In particular, we have an extremely well adopted and powerful SDK, and we want our customers to be able to get both the advantages of our SDK - remember we want everything trace connected, not just whatever is in this design committee - but also not be prevented from adopting OpenTelemetry. That means what we actually want is a way to say “hey OpenTelemetry SDK, give us all the current spans in the buffer”. What we don’t want is to be forced to implement some hopeful-standardized transport protocol that may or may not solve our concerns, let alone one that requires us to adopt legacy infrastructure telemetry like logs and metrics.

So to do that we piggyback on the SDK, trying to use their context resolvers, baggage handlers, and most importantly, the span instrumentation code.

Except it doesn’t work for customers. It doesn’t work for the same reasons a lot of other things don’t work: version conflicts, specification incompatibilities, and generally speaking, code that tries to do too much. This headache also comes in regular conversation. “We’re supporting OpenTelemetry” is immediately confusing as we don’t do logs, or traceless-metrics.

Alright, enough complaining, here’s what I’d like to see.

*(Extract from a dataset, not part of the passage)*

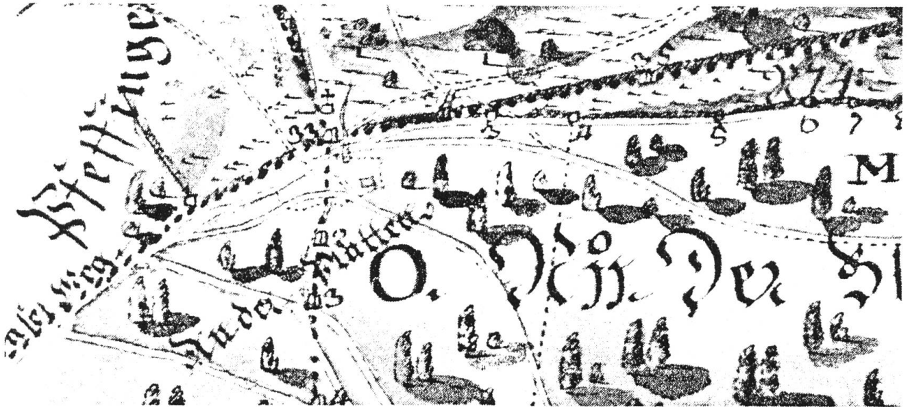
Ausschnitt aus dem «Brunnerschen»-Plan, gut sichtbar das Gebäude am Plattenpass.

Auch am Weg liegender Schutt wird dazu verwendet. Unmittelbar auf der Passhöhe, etwa 10 Meter nördlich des Grenzsteines, stiess man auf Reste eines Gebäudes mit verputzten Mauern und mit Backsteinboden.»

First, we have a tracing-focused SDK that is as lightweight as possible. That means it entirely focuses on giving customers and library authors the ability to instrument their code with span annotations. Not metrics. Not logs. Let that be a different spec’s problem. That API probably continues to look similar to today:

import { startSpan } from "tracing";

function shittyChatBot() {
    startSpan("some.operation", (span) => {
        doTheThing();
    });
}

Second, that code, as much as possible, does not add to your runtime performance or bundle size unless you’ve opted in to a method of collection. That collection should not be a wire protocol, but an application interface. For example, you should still be able to wire up an OpenTelemetry collector as you do today:

import { newDomainSpecificCollector } from "@opentelemtry/api";

newDomainSpecificCollector({
    endpoint: "http://not.sentry/otel-ingest";
});

Lastly, all those other non-tracing concerns? Put them whenever you want, but just like the transport protocols, take them out of the core.

If this were to happen, Sentry could then completely ignore the OpenTelemetry wire protocols, collectors, and everything else that frankly doesn’t matter to our customers or our product. That means something would have to be exposed to handle it:

import { onSpanFinish } from "tracing";
import { collectSpan } from "@sentry/node";

onSpanFinish.addEventListener(collectSpan);

Thats it. Thats my proposal. I’m sure I’m glossing over a bunch of things, but I’m not trying for academic correctness. Consider this feedback to the “OpenTelemetry Head of Product”, from a customer who would love to use and recommend your product, but cannot.

The world I’m describing is a world Sentry would get behind both as an implementer, and as a financier. I’d love to go to our board and tell them we need to allocate $10m in funding to support library authors implementing and maintaining a true standard, one adopted across the board, but today we cannot make that bet. So instead we are continuing to hedge our bet on us having to maintain instrumentation, and the OpenTelemetry committee somehow becoming successful. Maybe thats fine, but it mostly seems like a big distraction that doesn’t help our customers.

I want to close with one last point: its ok that people have problems they want to solve, and its ok that they work as a group to solve them, but you’re not going to see adoption of a product if its solving problems that someone doesn’t have. Sentry does not have the problem of “extracting metrics from AWS CloudWatch”, and I would encourage implementers to stop conflating concerns that are not tightly coupled to the problem being addressed.

There are a lot of things OpenTelemetry tries to do, some it does well, but in general is plagued by too many opinions, and too many goals. Maybe bring back OpenTracing?